Alonso, in his superb Renault car, was in imperious form throughout an exciting season winning seven Grand Prix – Malaysia, Bahrain, San Marino, European, French, German and Chinese - and recording eight more podium finishes.  He fought off a powerful challenge towards the end of the season from McLaren Mercedes driver Kimi Räikkönen.
Alonso became the third-youngest driver to start a race in Formula One history when he made his debut with Minardi in 2001. While the car was not highly competitive, Alonso made a good impression as a driver and joined the newly-founded Renault team in 2002. In 2003 at the Malaysian Grand Prix, Alonso became the youngest driver to take pole position and later that year in Hungary he became the youngest driver, at 22, to win a Formula One Grand Prix.  As a result that year he was nominated for the Laureus World Newcomer of the Year Award, eventually losing to teenage golf prodigy Michelle Wie.

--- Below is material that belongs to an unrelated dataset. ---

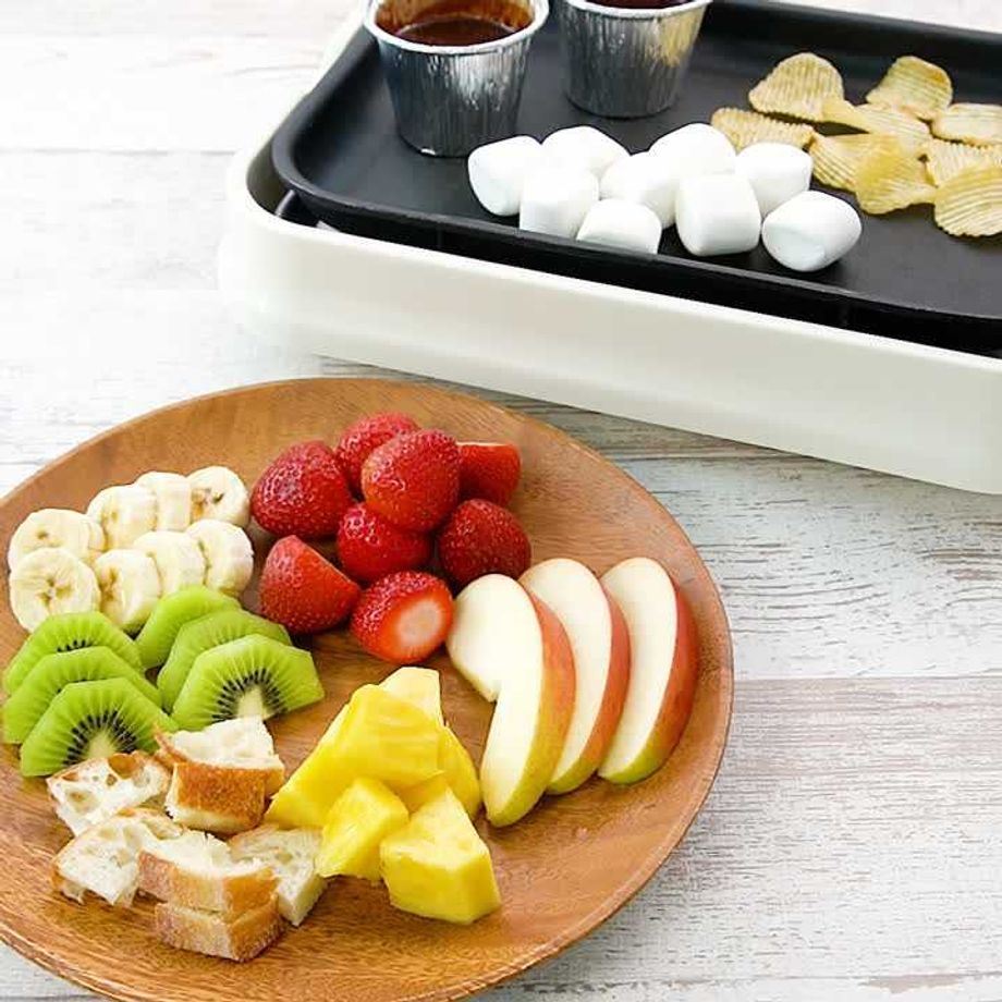 ホットプレートで作るチョコレートフォンデュのレシピをご紹介します!ホットプレートなのでチョコソースが最後まで固まることなくお楽しみいただけます♪お好きな具材でぜひ作ってみてください。

Alonso ended the 2004 season fourth in the championship standings, scoring 59 points and being on the podium four times. His performances in the latter races of the year were particularly noteworthy as he comprehensively outpaced his new teammate, 1997 World Champion Jacques Villeneuve, who had replaced Jarno Trulli for the final three races of the season. It was a sign of things to come.